Çocuklar, sevdikleri bir yakınlarını ya da tanıdıklarını kaybettiklerinde çoğu zaman dışarıdan etkilenmiyor gibi görünse de içlerinde büyük bir karmaşa yaşar:
Öncelikle olayın doğru olduğuna inanmak istemezler ve gerçekçi olmayan çabalar içine girerler; kaybettikleri kişiyi ararlar, rüyalarında kaybettikleri yakınlarını görürler, zihinlerinde onlarla oyunlar oynarlar. Bu çabaların amacı, kaybettikleri kişi ile yeniden bir araya gelebilmektir. Çocuklar kaybettikleri kişiyi daha çok tanıdık yerlerde veya en son gördükleri yerde ararlar. Fotoğraflar, birlikte gidilmiş yerleri ziyaret etmek çocukların kayıplarını sindirmelerine yardımcı olur.

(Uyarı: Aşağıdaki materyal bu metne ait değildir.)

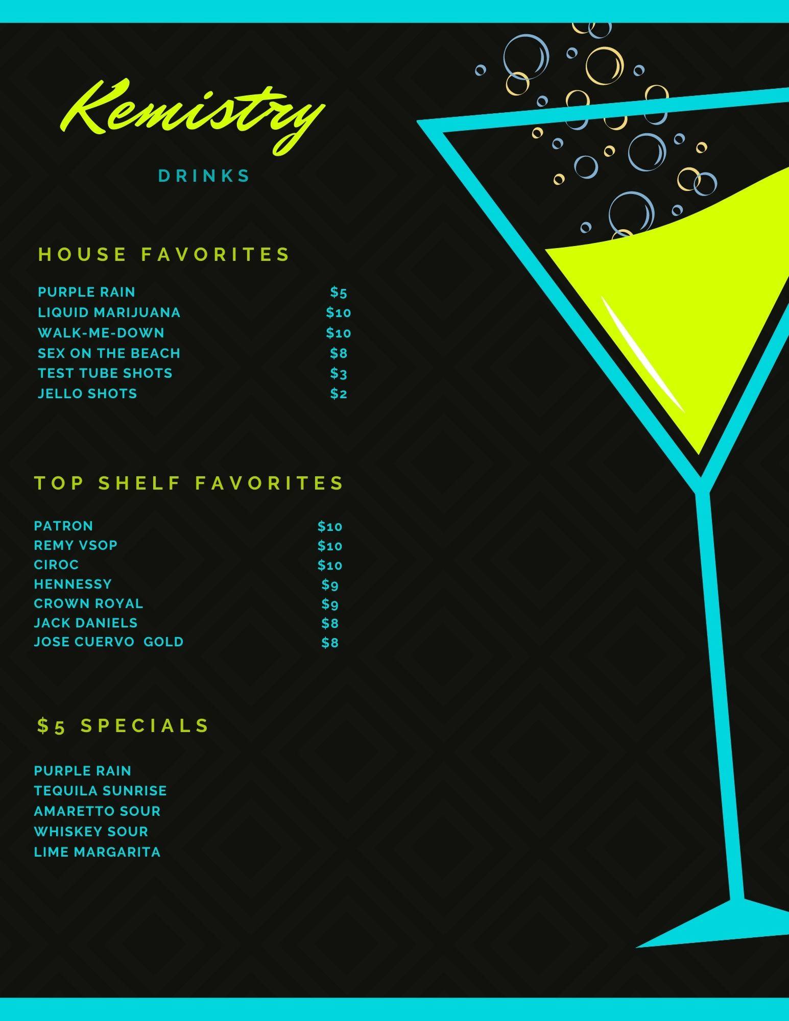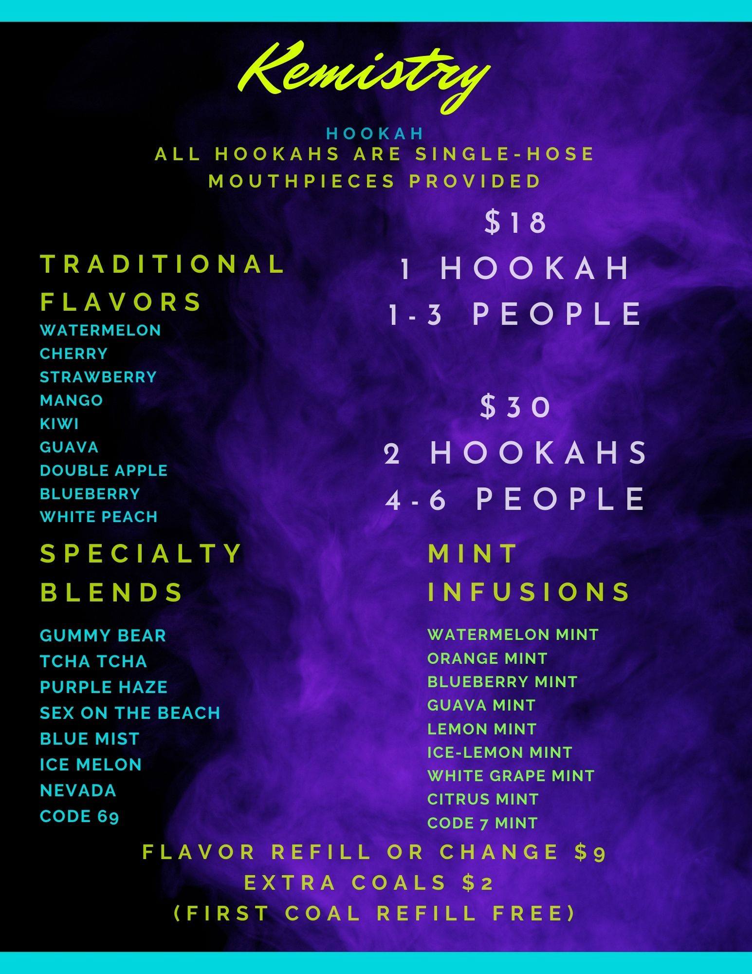 Kemistry Hookah Lounge offers a vibrant atmosphere with live music, great food, and friendly staff. Guests enjoy the laid-back vibe, featuring pool tables and a patio for relaxation. While the drinks and food receive positive feedback, some customers have expressed disappointment with the hookah experience, particularly regarding the use of plastic hoses. There have also been concerns about the staff's handling of hookah during restroom breaks, although management has addressed issues by offering complimentary hookah on occasion. The menu includes popular items like SW egg rolls, while some dishes, like the wings, have received mixed reviews. Overall, Kemistry Hookah Lounge is appreciated for its ambiance and hospitality, making it a spot worth visiting for a fun night out.

Çocuklarda genellikle gözlenen yas aşamaları şunlardır:
Reddetmek: Çocuk, kaybettiği yakınını bir daha göremeyeceğini aklına getirmek istemez; o kişi ile yeniden bir araya geleceğinin hayalini kurar ve bu yönde oyunlar oynar ya da öyküler anlatır.
Öfke: Çocuk, yaşadığı olayın geriye dönüşü olmadığını ve hayatının farklı bir şekilde yapılanmaya başladığını fark ettikten sonra hem duruma hem de kaybettiği kişiye karşı öfke duymaya başlar.

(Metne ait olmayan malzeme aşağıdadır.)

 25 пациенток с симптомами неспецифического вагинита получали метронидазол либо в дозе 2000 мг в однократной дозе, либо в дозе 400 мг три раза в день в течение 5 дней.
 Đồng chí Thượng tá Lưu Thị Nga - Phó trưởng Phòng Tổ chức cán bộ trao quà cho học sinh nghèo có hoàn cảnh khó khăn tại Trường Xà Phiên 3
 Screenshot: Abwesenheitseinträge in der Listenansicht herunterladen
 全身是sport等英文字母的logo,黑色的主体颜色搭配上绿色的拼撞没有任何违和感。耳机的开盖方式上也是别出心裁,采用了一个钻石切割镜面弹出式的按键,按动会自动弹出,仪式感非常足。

Hüzün: Çocuk, kaybı için büyük bir üzüntü duymaya başlar. Bu üzüntü hem kaybettiği kişi için hem de kendinde yaşadığı eksiklik içindir.
Alışma ve ileriye yönelme: Çocuk, kaybını artık içine sindirmiş ve hayatını o kişi olmadan yapılandırmaya başlamıştır. Düşünceleri daha çok geleceğe yöneliktir.

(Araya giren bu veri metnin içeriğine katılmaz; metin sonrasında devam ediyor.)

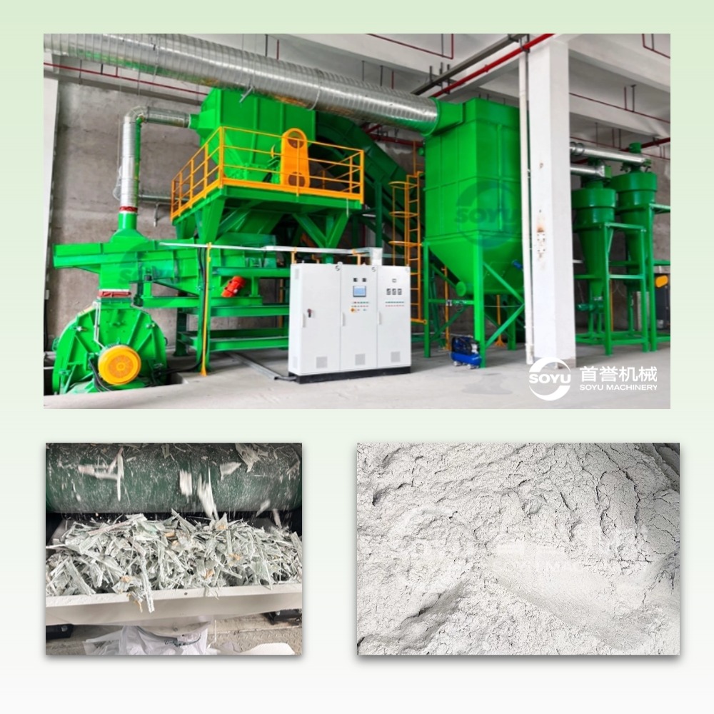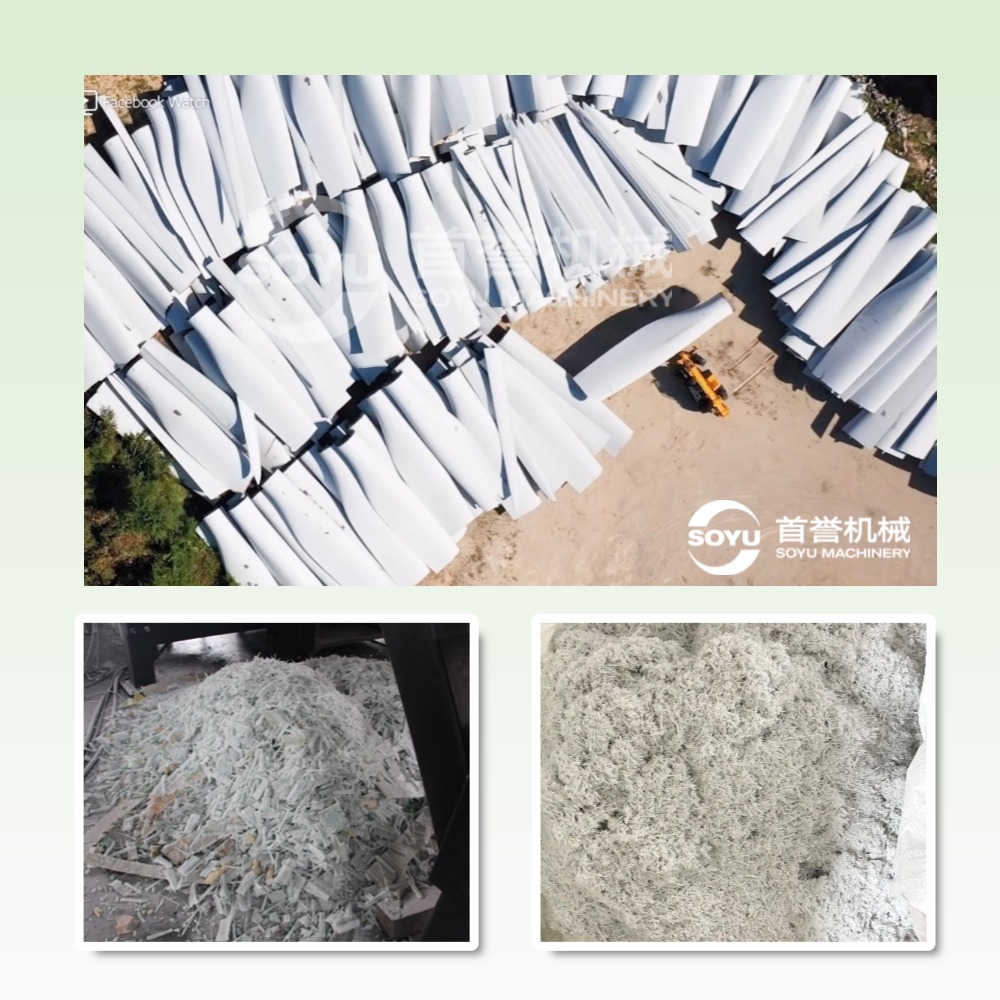 三、技術(shù)突破:智能化與精細(xì)化并行 1. 設(shè)備升級(jí) -首譽(yù)機(jī)械研發(fā)的退役風(fēng)電葉片玻璃鋼制品資源化處置系統(tǒng)等新型裝備,通過(guò)增加破碎維度,將出料粒度控制在 200 內(nèi),滿(mǎn)足高端復(fù)合材料再生需求。
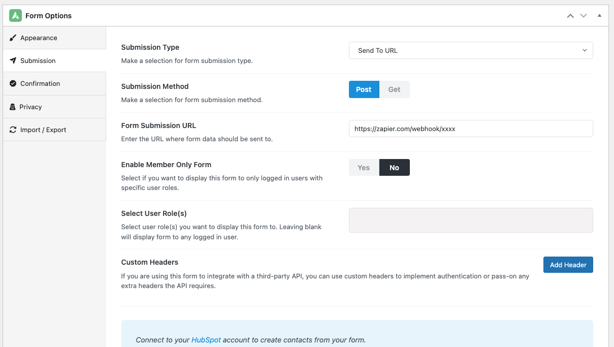 If you want to send this data outside of your WordPress like Salesforce or Hubspot. You can use submission type as "Send To URL" to send the data to your Webhook in Zapier. And you can sync the data to your favorite CRM within Zapier.

Çocukların, bu aşamalardan belli bir süre ve sıra içinde geçeceklerini düşünmek pek doğru değildir. Bazı çocuklar, bu aşamaları çok kısa bir süre içinde geçebilirken, bazıları belli bir aşamada daha uzun bir süre kalabilirler, hatta zaman zaman geriye dönüşler yaşayabilirler. Bazı çocuklar da bir süre hiçbir tepki göstermeyip daha sonra yas tepkileri göstermeye başlayabilirler. Yetişkinlere düşen, çocuklarını yakından izlemeleri ve onlara gereksinim duydukları desteği verebilmeleridir.